- PlayStation 2 cover featuring English international Martin Johnson
- Developer: Creative Assembly
- Publisher: EA Sports
- Composer: Jeff van Dyck
- Platforms: Microsoft Windows, PlayStation 2
- Release: Microsoft WindowsEU: 1 September 2000; PlayStation 2EU: 15 June 2001; NA: 16 July 2001;
- Genre: Sports
- Modes: Single-player, multiplayer

= Rugby (video game) =

2000 video game

Rugby (known as EA Sports Rugby, and as Rugby 2001 in the European PC version; often mislabeled as Rugby 2002) is the 2000 installment of Electronic Arts' Rugby video game series.

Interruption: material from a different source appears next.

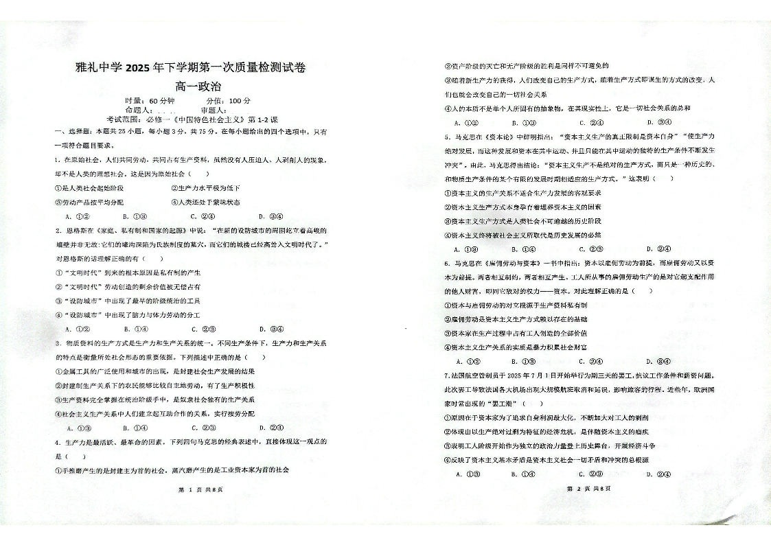 高一政治--湖南省长沙市雅礼中学2025-2026学年高一上学期第一次(10月)质量检测

The game was developed by Creative Assembly and published by EA Sports. The game is EA Sports' first rugby union game on Microsoft Windows and PlayStation 2, and was succeeded by Rugby 2004. Rugby features over 20 teams, over 500 players and over 20 stadiums. The game's commentators are Bill McLaren and former England International Jamie Salmon.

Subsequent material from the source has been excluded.